Three cyclically-related data will be released Friday, as well.   They risk being mixed.  /1/ Consensus looks for a speedup in June Retail Sales.  But, much of the increase could be price-related.  /2/ Consensus also sees the Mid-July Consumer Sentiment Index falling further.  But the risk is for an increase as consumers react positively to the decline in gasoline prices.  /3/ Consensus expects a 0.1% m/m uptick in June Industrial Production, with Manufacturing Output flat.  But, the risk is for weaker prints, based on Total Hours Worked in the Manufacturing Sector.    . 
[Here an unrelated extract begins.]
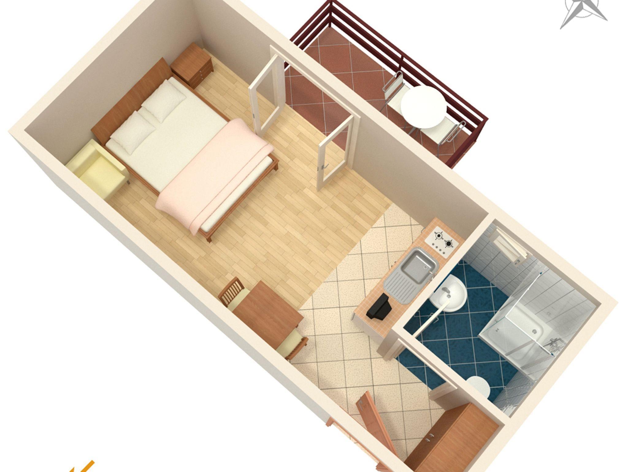 Studio bietet Platz für 2 Gäste. Die Betten sind in Schlafzimmern, die es 1 gibt, innerhalb einer Gesamtfläche von 19m2, angeordnet. Die Gäste haben einen eigenen Balkon zur Verfügung, auf der sie in warmen Sommernächten genießen können. Es ist erlaubt, Speisen auf dem Gemeinschafts-Grill vorzubereiten. IM PREIS INBEGRIFFEN: Kurtaxe, Endreinigung, Klimatisierung, Parkplatz, Internet. VERBINDLICHE ZUSÄTZLICHE KOSTEN: Aufzahlung für Kurzaufenthalte (prozentualer Zuschlag pro Nächtigungsanzahl: 30% - 1, 20% - 2, 10% - 3). Die Verfügbarkeit zusätzlicher Dienstleistungen in Ihrem reservierten Termin und die Preise derselben (falls nicht aufgeführt) müssen im Voraus überprüft werden. Zusätzliche Dienstleistungen die in der Zahlungsaufforderung nicht aufgeführt sind werden direkt beim Vermieter bezahlt, angenommen der Gast nutzt auch diese.

                                Macroeconomic Evidence Regarding Corporate Earnings

                                                                                                                                           Markit
                                                                                                                                          Eurozone                        Real GDP     Oil Prices        Trade-Weighted Dollar    AHE     Core CPI    PMI  
                [                                y/y percent change                                                   ]    (level)
Q119            3.2                -12.8                 +7.9                             3.2           2.1               51.9 
Q219            2.7                -12.2                 +5.9                             3.1           2.1               47.8    
Q319            2.1                -19.2                 +3.6                             3.2           2.3               46.4
Q419            2.4                  -3.6                 +1.7                             3.2           2.3               46.2

Q120           -5.0                -16.5                 +2.9                             3.1           2.3               47.2
Q220         -10.6                -53.5                 +5.9                             6.5           1.4               40.1
Q320           -2.8                -27.8                 +1.0                             4.8           1.7               52.4
Q420           -2.4                -25.5                  -1.9                             4.8           1.6               54.6
 
Q121            0.4                  26.3                 -4.4                              4.9           1.4               58.3   
Q221          12.2                  32.1                 -8.3                              1.2           3.4               63.1 
Q321            4.9                  72.7                 -3.4                              4.2           4.1               60.9
Q421            5.5                  82.4                +1.3                              4.6           5.0               58.2  
 
Q122            3.5                  63.4                +2.7                              5.4           6.4               57.8  
Q222            1.5                  60.9                +5.3                              5.3           6.0               54.0
                                                                           
* Based on the Atlanta Fed Model's latest projection of -1.2 (q/q, saar).